The first chapter reviews recent developments in affinity chromatography and
describes the synthesis of an affinity linker toolbox with both affinity-dependent and
affinity-independent linkers. These linkers are functionalised with an azide moiety for
use in CuAAC coupling to alkynyl derivatives of bioactive small molecules and have
been modified to include photoreactive groups giving a series of linkers for use in the
identification of less abundant, or low affinity, proteins.

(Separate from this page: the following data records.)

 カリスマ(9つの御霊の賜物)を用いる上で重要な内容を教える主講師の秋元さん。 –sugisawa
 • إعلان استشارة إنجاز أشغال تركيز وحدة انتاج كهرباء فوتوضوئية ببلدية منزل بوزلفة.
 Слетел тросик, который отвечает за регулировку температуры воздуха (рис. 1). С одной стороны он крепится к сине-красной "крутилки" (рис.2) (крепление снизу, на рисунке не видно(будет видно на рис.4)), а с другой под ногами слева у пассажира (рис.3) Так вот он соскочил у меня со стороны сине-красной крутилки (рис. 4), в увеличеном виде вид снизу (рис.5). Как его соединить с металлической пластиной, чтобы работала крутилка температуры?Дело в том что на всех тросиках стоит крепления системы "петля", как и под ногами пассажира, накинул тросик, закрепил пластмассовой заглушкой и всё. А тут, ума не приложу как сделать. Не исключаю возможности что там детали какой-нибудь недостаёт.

The first drug investigated, anisomycin (ANS), is a small molecule which was initially
introduced as an antibiotic drug (Flagecidin). At nanomolar concentrations ANS has
been shown to affect the mitogen activated protein kinase (MAPK) pathways;
downstream effects of these pathways are thought to play a role in a range of
pathological disorders such as Alzheimer’s disease, cancer and spinal muscular
atrophy (SMA). ANS is thus a candidate for drug repurposing. Although the
downstream effects of MAPK/SAPK pathway activation induced by anisomycin are
well-documented, the cellular target has yet to be revealed. Previous work by the
Hulme group has shown that the N-propargyl anisomycin derivative (I) retains the
biological activity of the lead compound ANS. Thus to evaluate the cellular protein
targets, N-propargyl ANS (I) was coupled onto the linker toolbox to create an ANS
affinity probe library as described in chapter 2.

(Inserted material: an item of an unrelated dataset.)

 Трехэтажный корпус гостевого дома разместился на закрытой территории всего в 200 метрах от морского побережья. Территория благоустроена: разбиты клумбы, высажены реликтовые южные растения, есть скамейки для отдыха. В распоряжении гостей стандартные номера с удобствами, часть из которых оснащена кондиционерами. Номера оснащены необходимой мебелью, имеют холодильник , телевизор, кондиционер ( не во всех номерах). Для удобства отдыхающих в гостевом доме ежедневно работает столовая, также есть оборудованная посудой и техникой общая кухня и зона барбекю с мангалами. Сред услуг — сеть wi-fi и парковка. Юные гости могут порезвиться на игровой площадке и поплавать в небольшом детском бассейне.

The second drug investigated, fingolimod, was introduced as an immunomodulating
drug (Glienya) for the treatment of multiple sclerosis (MS). This small molecule has
also been shown to have anti-cancer properties in a range of cancer cell lines; however
the precise mechanism by which this is effected is unknown. Literature precedent
shows that terminal modification of fingolimod generates analogues which still retain
biological activity. Thus a novel fingolimod alkyne derivative (II) was synthesised
and used to create an affinity probe library as described in chapter 3.
Chapter 4 describes affinity pull-down experiments conducted with the aim of finding
the protein target(s) of ANS and fingolimod, using the affinity probe libraries
generated in chapters 2 and 3. This chapter concludes with a discussion of the
implications of these findings and directions for future study.